Almost everyone that I talk to insists that exercise will make me feel better. I see the logic in it. I mean I don’t want to get winded going up a flight of stairs or have a heart attack before I’m 50. And I like having had exercised, being in shape doesn’t bother me and I enjoy the feeling of accomplishment that goes with it. I just hate the actual process. When I say hate, I mean I loathe it.
I’m no hero either, I’m only talking about 30 minutes or so a night on a treadmill or an elliptical. But I will spend every minute that I’m on there wishing I was doing something else. It’s not entirely the discomfort that I hate either, it’s that fact that fitness is ongoing and will be lost as soon as you stop attending to it. The motivation I usually have to persevere through an unpleasant task is that I know that once it’s done, I don’t have to do it again. My reward for pushing through a half hour on the elliptical (which is as much fun as running through really deep snow) is that I get to look forward to another round the next day.

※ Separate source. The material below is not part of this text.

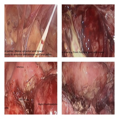 MINIMAL ACCESS SURGERY IN A FROZEN PELVIS. 28 year old female presented with complaints of lower abdominal pain, fever on and off, weight loss and infertility. Due to worsening pain, CT scan was performed which revealed bilateral hydrosalpinx and ovarian cyst, suggestive of ? TB or? Chronic PID. Laparoscopy was planned with consent for bilateral salpingectomy and ovarian cystectomy. Laparoscopy revealed a frozen pelvis with dense omental and bowel adhesions to anterior abdominal wall, uterus, both hydrosalpinx and ovaries. Systematic adhesiolysis was done to visualise pelvic structures. Dense bowel adhesions were removed with difficulty with sharp and blunt dissection.Large amount of frank pus was drained from both Hydrosalpinx and left ovary. Bilateral salpingectomy and ovarian pus drainage was done with copious peritoneal lavage.

I’ve tried listening to music or watching movies while I exercise and it makes the slightly more bearable, but I will still look for any excuse to not do it the next day. I know that I have to figure some way to incorporate it into my life so that exercise was just a by product of something I needed to do anyway. When I was in my late 20s, I went back to school again. I lived about a mile from the campus and decided that I wouldn’t pay for a parking pass. I had to walk every day. This meant at least two miles a day, sometimes four if I went home for lunch.
One of the things that I admire completely about my wife, but will never understand, is the drive to exercise. She teaches a spin class at 5:45 every morning before work, and then usually attends some other fitness activity in the evening. In my free time, I watch weird movies and write about weird moments.
Well, our worlds met in one of those weird moments, because, in Rolls Royce Baby, I realized just how awesome exercise can be.
Lina Romay plays Liza Romay, an actress in adult movies. In a flashback, we find out that she once had sex with two truckers who then tossed her out on the side of the road without her clothes. She does what anyone would naturally do in such a situation, she becomes rich and seduces people in the back of a Rolls. This seduction usually involves the “victims” getting shoved by Eric Falk, who plays Eric, the driver (the two leads were obviously looking to grow as actors).
This is all fine and good, but if there’s anything to remember about this movie, it’s incredible exercise sequences that serve very little purpose to the film other than being awesome.
Falk’s character is described as a superman. Probably due to his ability to sneak up behind people and shove them into a car. How did Romay know that Falk had what it takes to carry out the duties of an all purpose superman? It all had to do with the martial arts she saw him doing completely naked. As far as I know, there has never been this kind of intensity captured on celluloid.
My initial reaction was that, taken out of context, this may be the most hilarious thing I’ve ever seen. Then I thought about it, there really is no context. This is just hilarious, no qualifier needed.
I know for some out there, it might be hard to understand what’s so funny about a naked man punching and kicking into a camera. To them I would say, this isn’t just any naked man. This is Eric Falk. His delightful sneer was graced many Erwin Dietrich films, and they’re all better for it. Whether he’s hosing down a nude Brigitte Lahaie in Caged Women or gallivanting around Six Swedes on a Campus, he always stands out from the other male performers. If you know Eric Falk and still don’t understand why his naked kung fu display is funny, then I think we’ll just have to settle on the fact that we have different ideas about entertainment. Weirdo.
For those of you that are into less aggressive fitness regiments, Liza does do some nude stretching or yoga or something. While it’s admittedly easy on the eyes, Falk’s heroics are just too hard to follow and these poses often get lost in the shuffle. Let’s all take a moment and appreciate what Liza has to offer.
If you haven’t figured it out by now, I’m a dirty man. But now I have a renewed sense of purpose in becoming a dirty fit man. I will begin my naked kung fu routine as soon as I am done typing this. I feel more energized just thinking about it. Prepare yourselves for a leaner, more focused Dr. Humpp from this point on.